Here’s the rub. Due to the sexual abuse scandals in the Catholic Church, in which entire dioceses have been brought to their knees by multi-million dollar settlements for victims, the Church is now super wary of any sexual vulnerability in her priests and religious. In the sexual arena, avoiding litigation seems the Church’s greatest goal; she fumbles at forthright, compassionate dealing with her fathers and mothers who actually need help in order to become chaste. ‘Just be chaste, don’t be known’, she conveys today.

To misquote Simone DeBeauvoir: ‘We are not born chaste, we become it.’ How else do we grow into integrated men and women unless we come into the Light with our misdemeanors before they become felonies? How many priests and diocesan workers do I know who fall regularly into masturbation/porn cycles, habits born of disintegration that keep them disintegrated, hobbled by shame and wounded in their self-gift? Having sinned weakly, does each one have a responsibility to come boldly to the throne of grace? Of course!

But that requires context for church leaders, especially those who always handle the confessions of others. Does the Church provide clear, merciful, powerful, and effective relationships through which these ones can break fear and silence and quicken the journey toward self-mastery and gender integration? Today’s Church, though clear on the requirement of priestly chastity, fails to invite most priests into the messy process of becoming chaste. In part due to the litigious mess she is in. I can almost guarantee you that the majority of priests will not take a seminary course on sexual integration this year.

That is at least short-sighted. Failing to provide wise preventative measures for her weak servants sets the Church up for further scandals and reveals an unloving, unreal expectation toward them. Everyone, especially her saints, is sexually broken!
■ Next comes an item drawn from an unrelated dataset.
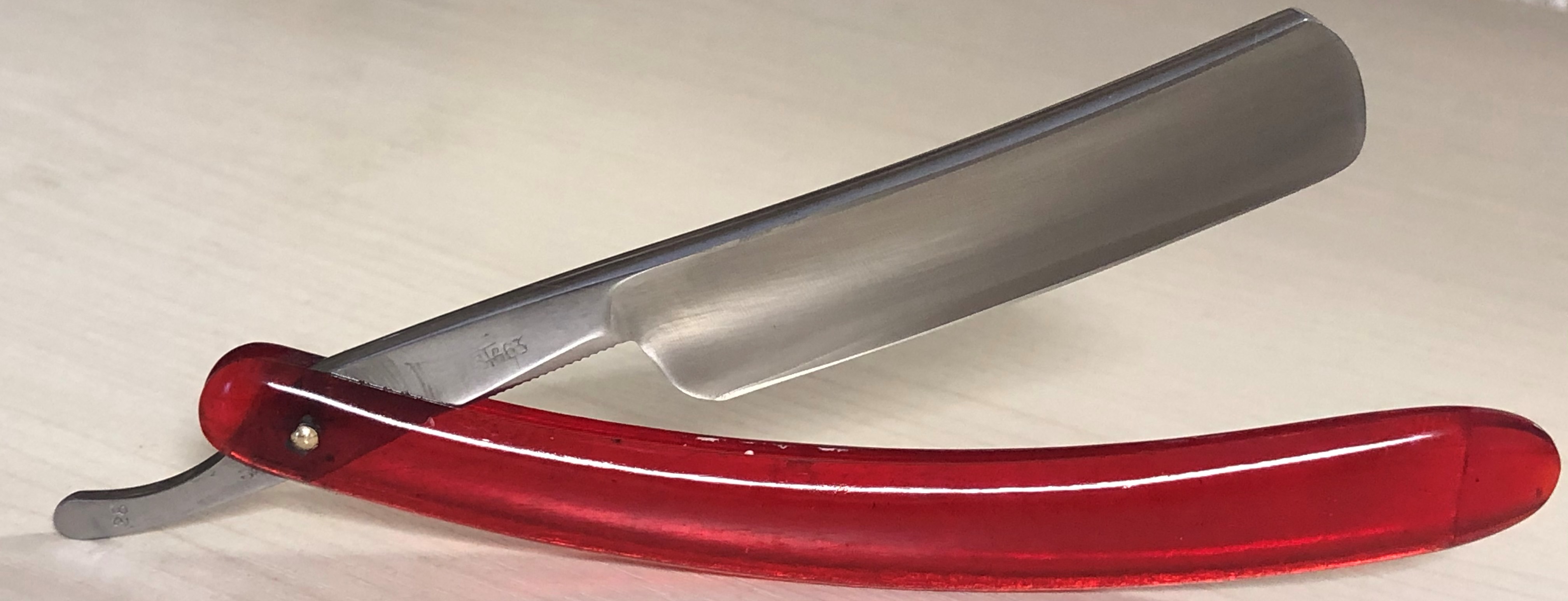 Бритва в очень хорошем состоянии.Малопользованная. Разобрал, немного почистил и отполировал полотно и снова собрал, заменив родной пин на немецкую втулку, с добавлением внутренних шайб. Идеальная геометрия клинка:кромочка равномерна по всей длине полотна.Заточена и готова к бритью. Отличный и недорогой вариант для новичка, не желающего тратить много денег на свою первую бритву.

Lust in its myriad forms touches all of us. So must we as the Church provide real life opportunities for leaders-in-formation to be rightly formed in the sexual arena, without fear of being buried for being broken. Better to breakdown in the arms of the saints than to break another through lust.
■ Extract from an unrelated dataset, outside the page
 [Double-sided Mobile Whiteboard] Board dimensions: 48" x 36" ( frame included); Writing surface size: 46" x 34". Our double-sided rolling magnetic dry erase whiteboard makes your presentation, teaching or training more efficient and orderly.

My wife Annette is right. She claims that ‘the best preparation for ministry lies in discipleship: persons gathering long enough with safe, powerful saints in order to know themselves honestly in their sexual and relational depths, and to be known by Jesus through these members of Christ.’
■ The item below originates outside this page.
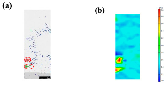 In order to study the effect of local voids on the stress distribution of composite materials, a tensile test sample was obtained from the helmet prepared using the RTM method. Firstly, a CT scanning experiment was carried out to obtain the distribution of internal voids, and then the digital image correlation (DIC) system was used to capture the strain field of the sample in the tensile test. The results are shown in Figure 8. In Figure 8a, the red and green areas are the distribution locations of large voids (the red ellipses mark locations), and the blue areas are the distribution locations of small voids. Figure 8b shows the strain field distribution of the corresponding sample during the tensile process. It can be seen that stress concentration occurs at the locations of large voids, while the location of small voids has little effect on the stress distribution. The above results demonstrate that the voids in the helmet sample will cause uneven stress distribution and an even stress concentration.

At first I thought she was overstating her case. She was not. We as the Church must guarantee that our ‘Fathers’ do not go–it-alone. We have seen what happens when they do. Fathers and Fathers-to-be especially need refining love. Bring it on God.

‘Make Your Church wise and tender and strong toward her servants. Help her to love them like a good mother and father, only better. Reveal Your almighty tenderness to prodigal elder sons and daughters, O God; give them a fighting chance to come clean and become whole. You can only love us if we expose ourselves to love. Make Your Church a place of where we can come broken, boldly.’